There's currently only a few examples in the wiki, but we're working on
extending the documentation for both implementations.
http://code.google.com/p/foresite-toolkit/w/list
If there's anything in particular that you think should be written up
first, please let us know and we'll do our best to prioritise that
aspect.
> In particular I'm trying to generate a resource map from user's
> collections of aggregated Atom entries for submission via SWORD, and
> I'm not exactly clear on how I go about it using foresite!
That sounds quite cool! Could you explain a bit more about it? Are the
atom entries just from any old atom feed, or other ORE aggregations?
The issue that I see off the bat is that aggregated resources need to
have their own resolvable URIs, and atom entry ids are often tags or
uuids.
Thanks!
Rob
> Success! I think!
>
Fantastic!
> OK, after a few changes to the Atom Parser and a few other places
> (just for sanity-checking whether source values are present), and
> inventing a completely spurious URI for the unpublished resource map,
> I import my Atom feed of aggregated "things" from various sources
> (some Atom feeds, some RSS feeds) and generate a Resource Map in RDF
> XML.
>
Did you have problems with the model itself for parsing the atom feed,
or was it all in the parser? I'll get onto fixing the parser up proper
in the next week or so, but I'd be grateful for any code feedback if you
have some.
> INPUT:
>
>
<snip/>
> OUTPUT:
>
> <rdf:RDF
> xmlns:foaf="http://xmlns.com/foaf/0.1/"

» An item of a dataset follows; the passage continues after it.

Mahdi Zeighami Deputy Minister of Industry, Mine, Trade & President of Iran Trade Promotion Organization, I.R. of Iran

> xmlns:dcterms="http://purl.org/dc/terms/"
> xmlns:rdf="http://www.w3.org/1999/02/22-rdf-syntax-ns#"
> xmlns:owl="http://www.w3.org/2002/07/owl#"
> xmlns:ore="http://www.openarchives.org/ore/terms/"

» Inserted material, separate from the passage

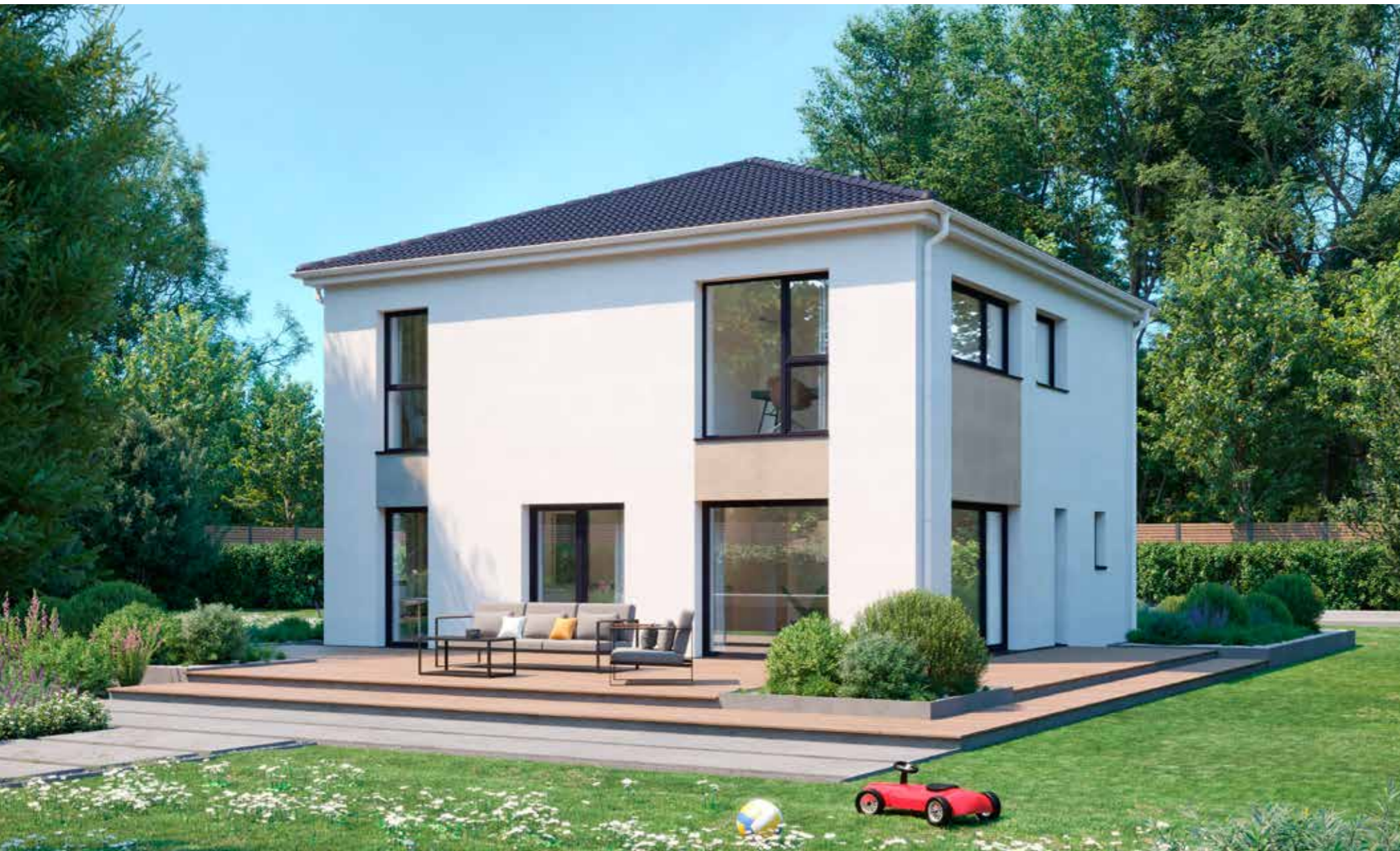
Abbildungen zeigen teilweise individuelle Zusatzausstattung.

> xmlns:dc="http://purl.org/dc/elements/1.1/" >
>
> <rdf:Description rdf:about="http://test.com">
> <dc:title>Package for JORUM</dc:title>
> <ore:aggregates rdf:resource="http://feeds.wired.com/~r/wired/
> index/~3/252594141/click.phdo"/>
> <rdf:type rdf:resource="http://www.openarchives.org/ore/terms/
> Aggregation"/>
> <ore:aggregates rdf:resource="http://www.flickr.com/photos/
> jhrphotos/2278016494/in/pool-52241664802@N01"/>
> <ore:aggregates rdf:resource="http://feeds.wired.com/~r/wired/
> index/~3/252093275/click.phdo"/>
> <ore:aggregates rdf:resource="http://feeds.wired.com/~r/wired/
> index/~3/252594142/click.phdo"/>
> <ore:isDescribedBy rdf:resource="http://www.test.com"/>
> <ore:aggregates rdf:resource="http://news.bbc.co.uk/go/rss/-/2/hi/
> americas/7253491.stm"/>
> <ore:aggregates rdf:resource="http://www.flickr.com/photos/
> 47914087@N00/2276506733/in/pool-52241664802@N01"/>
> <ore:aggregates rdf:resource="http://feeds.wired.com/~r/wired/
> index/~3/252594139/click.phdo"/>
> <ore:aggregates rdf:resource="http://feeds.wired.com/~r/wired/
> index/~3/252747611/click.phdo"/>
> <ore:aggregates rdf:resource="http://feeds.wired.com/~r/wired/
> topheadlines/~3/235881988/click.phdo"/>
> </rdf:Description>
>
> <rdf:Description rdf:about="http://www.test.com">
> <dc:creator rdf:nodeID="A0"/>
> <rdf:type rdf:resource="http://www.openarchives.org/ore/terms/
> ResourceMap"/>
> <dcterms:modified rdf:datatype="http://www.w3.org/2001/
> XMLSchema#date">2008-06-11T16:17:20+0100</dcterms:modified>
> <dcterms:created rdf:datatype="http://www.w3.org/2001/
> XMLSchema#date">2008-06-11T16:17:21+0100</dcterms:created>
> <dc:format rdf:datatype="http://www.w3.org/2001/
> XMLSchema#string">application/octet-stream</dc:format>
> <ore:describes rdf:resource="http://test.com"/>
> </rdf:Description>
>
>
so, with a bit of snipping I checked the ReM and Aggregation and things
are looking good! Did you notice any data loss in the transformation?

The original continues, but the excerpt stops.